MAHWAH, N.J.- Hudson United Bancorp has been viewed as a potential takeover target ever since its merger with Dime Bancorp of New York fell through last month.
But the top executive at $9.3 billion-asset Hudson United says the company will more likely buy than be bought - if it can boost its depressed stock price.
"We've never said we wouldn't consider offers if they come in - we would - but it's not our intent" to find a buyer, said Kenneth T. Neilson, chairman, president, and chief executive officer of the bank holding company.
After months of preparing to merge, Hudson and Dime Bancorp of New York mutually terminated their deal on April 28, in part because of an unsolicited offer for Dime by North Fork Bancorp of New York.
Since then several analysts have speculated that it was only a matter of time before Hudson United sold itself to a larger mid-Atlantic company.
But in an interview here last week Mr. Neilson said his company is far more disposed to making buyouts, but only when the stock is trading at a "premium valuation." Hudson's stock closed at $21.6875 Friday, well below its 52-week high of $35.063 in June.
To help boost his company's stock, Mr. Neilson has been meeting with analysts and investors "just to talk about our track record and our opportunities." He said he spends two or three days a week in such meetings and will continue to for the next few months.
Hudson also plans to begin a repurchase program in June, when restrictions relating to its purchase last year of JeffBanks Inc. and Southern Jersey Bancorp are lifted. That program, in addition to Hudson's strong earnings, should return its stock to premium trading levels and put Hudson back in the market for acquisitions, Mr. Neilson said.
"If our stock stays priced the way it is, we're going to be busy buying back as much of it as we can," he said. If it rebounds, "we'll be looking for other opportunities to expand our franchise."
Mr. Neilson has led the company since 1989. It has grown through acquisitions from a $500 million-asset banking company with 12 branches to one with about 200 branches in New Jersey, New York, Connecticut, and Pennsylvania.

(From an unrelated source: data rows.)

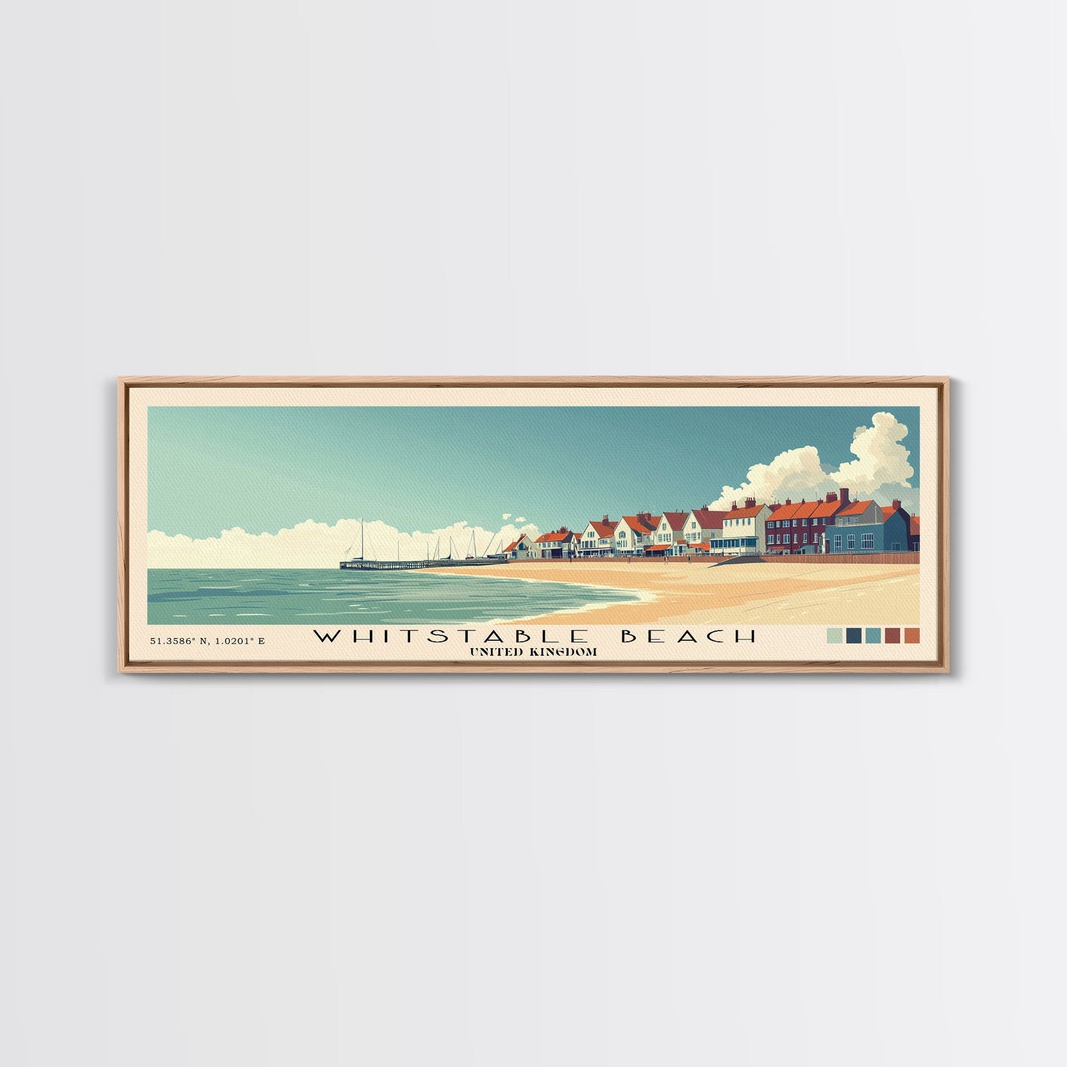 Whitstable beach, United Kingdom Panoramic Print, Vacation Gift, United Kingdom Wall Art, Beach Painting, Beach Decor, Large Wall Art, Wood Frame Art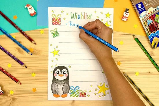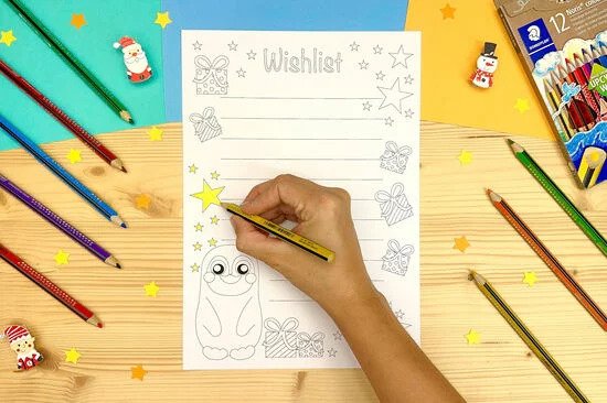 A letölthető mintával és a Noris Colour Jumbo színes ceruzákkal könnyedén elkészíthetik saját, egyedi karácsonyi kívánságlistájukat.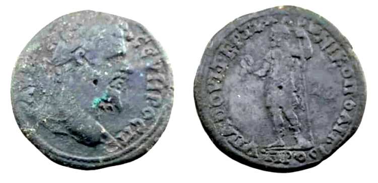 | Thyateira GRPC Lydia 274 | Septimius Severus, AE32 of Thyateira, Lydia. AD 193-211. Magistrate Asiaticus Hermogenes. 14.79 gr. AYT KAI CEΠ CEOYHΡOC, laureate head right / EΠI CTΡ ACIATIKOY ΘYATEIΡHNΩN, Tyche standing left, kalathos on head, holding rudder in right hand and cornucopiae in left. GRPC Lydia 274 otherwise unpublished. | Text | Image |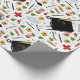 Unique nurse grad gift wrap featuring flowers, medical supplies and nursing school graduation caps.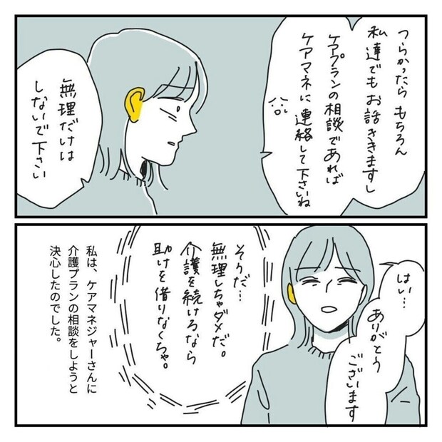 介護を始めてまだ数日ですがキクチさんは心も体もボロボロになってしまいました。ですがヘルパーさんの助言で「無理しちゃダメだ」と気づきます。介護のために家族が一緒に倒れてしまうのは避けたいですよね。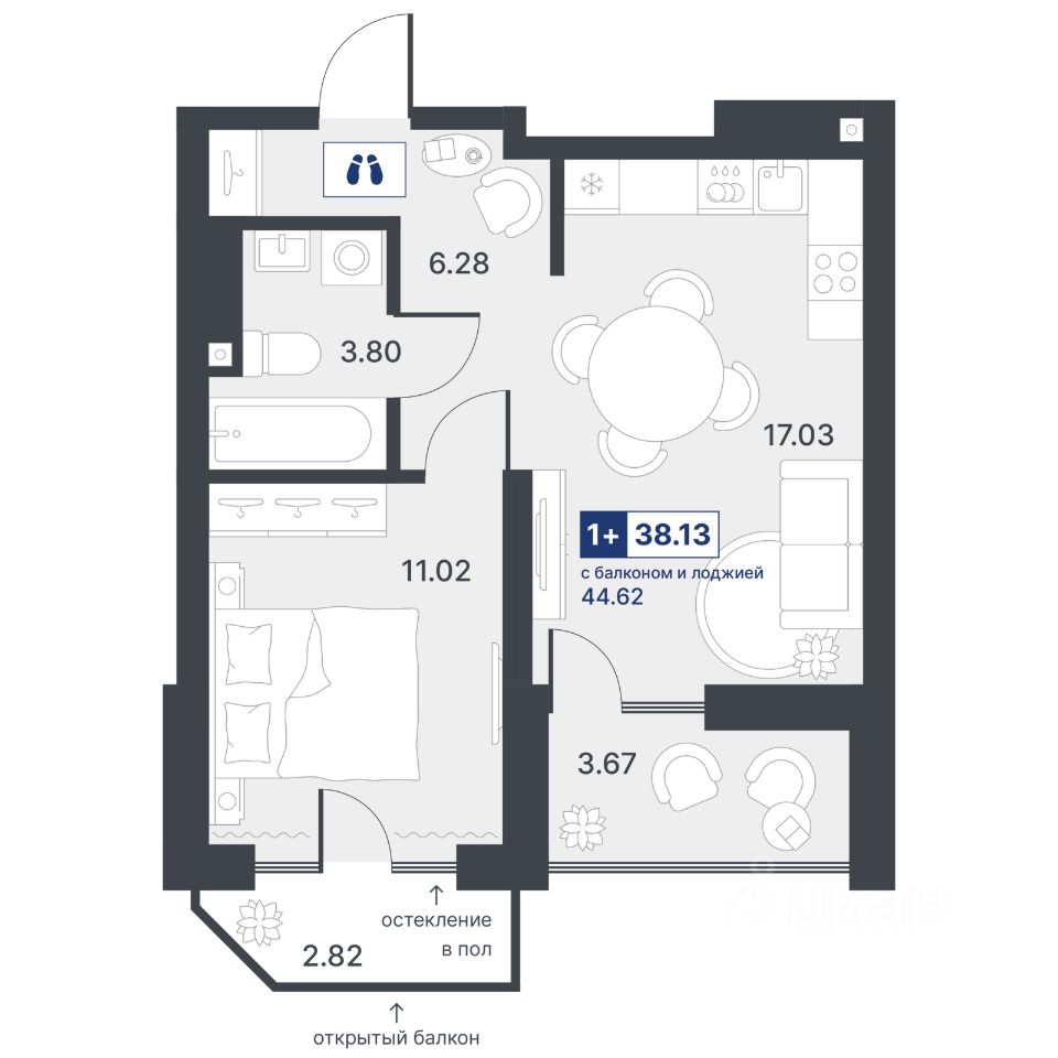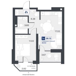 Общая площадь38,13 м²

Besides its rapid growth, Hudson United has had strong earnings. Its net income was $29.9 million in the first quarter, up $1.1 million. Its return on equity was 23.5% and it return on assets, 1.27%.
However, John M. Kline, an analyst at Sandler O'Neill & Partners in New York, said Hudson's stock is trading at about 8.2 times next year's earnings - against 10.6 for its peers. He added that the stock would need to reach $29 to be in line with its peer group.
Mr. Kline said he is glad Hudson is trying to develop a following, but added that the real key is keeping investors happy. "Getting out there and telling the story is good, but executing the story is even better," he said. He suggested that the company "take a breather" from acquisitions and "show the Street the true strength of its numbers."
Mr. Neilson said: "We've always been prepared for independence. In this decade we've done 31 mergers. We happen to have had one fall apart; it's not the end of the world for us."